Cadbury Schweppes has recommended that both Coca-Cola and Pepsi bottlers make Dr Pepper a priority brand again, following the industry's failure to capitalise on the growing trend to new soft drinks, according to the Wall Street Journal. A number of new products, such as Vanilla Coke and Sprite Remix, have cost Dr Pepper valuable space in store displays and vending machines.
Dr Pepper relies on Coke and Pepsi bottlers to handle nearly three quarters of the drink's distribution.
"We see the Dr Pepper crown jewel being squeezed out by innovation," said Rick Wach, senior vice president of marketing at Dr Pepper/Seven Up, a unit of Cadbury. He was speaking at the annual Dr Pepper bottler meeting.
At the conference, the company announced that it was consolidating its North American beverage business to cut costs and to improve its relationship with bottlers and retailers.
The results for Dr Pepper and 7 UP have been disappointing this year. Sales of Cadbury's soft drinks in the US were down 3.8 per cent through August compared to a year ago.
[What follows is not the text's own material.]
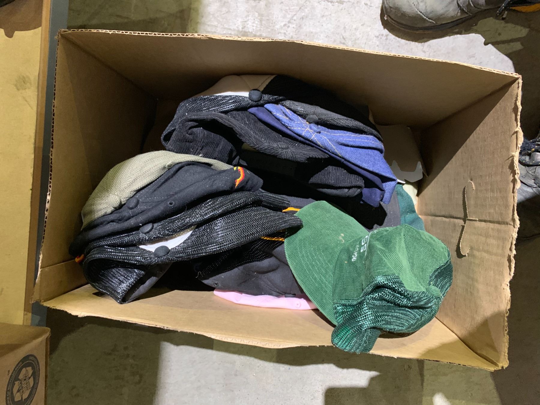 BOX OF ASSORTED HATS & BOX OF ASSORTED SHOP CLOTHING
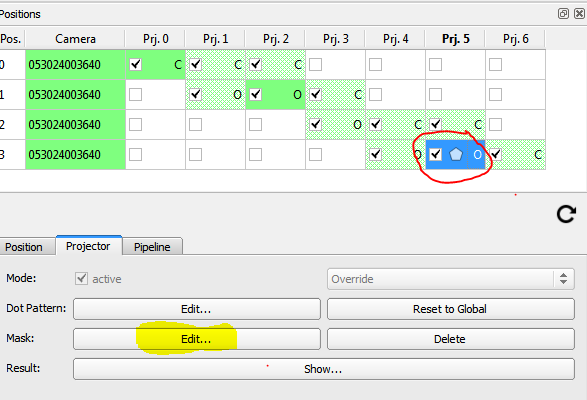 If all selected projectors for a position are marked green (as in the image from step 12). The capturing of the current position is finished.

To buck this trend, Cadbury said that it expects to shortly finish consumer testing on a healthier carbonated soft drink. Mike McGrath, president of sales for Cadbury Americas Beverages, said a mid-calorie drink is one option under consideration.
As with other diet drinks, Diet Dr Pepper has bucked the industrywide trend and continued to grow. Sales of the diet drink increased 5.7 per cent in the first eight months of the year compared to a year ago, according to the company.
Dr Pepper is the sixth most popular soft drink in the US. Cadbury Schweppes' other products include 7 UP, Mott's and Snapple. Overall, Cadbury has a 17 per cent share of the US soft-drink market, behind Coca-Cola and PepsiCo. The US soft-drinks business accounts for about 25 per cent of Cadbury's operating profits.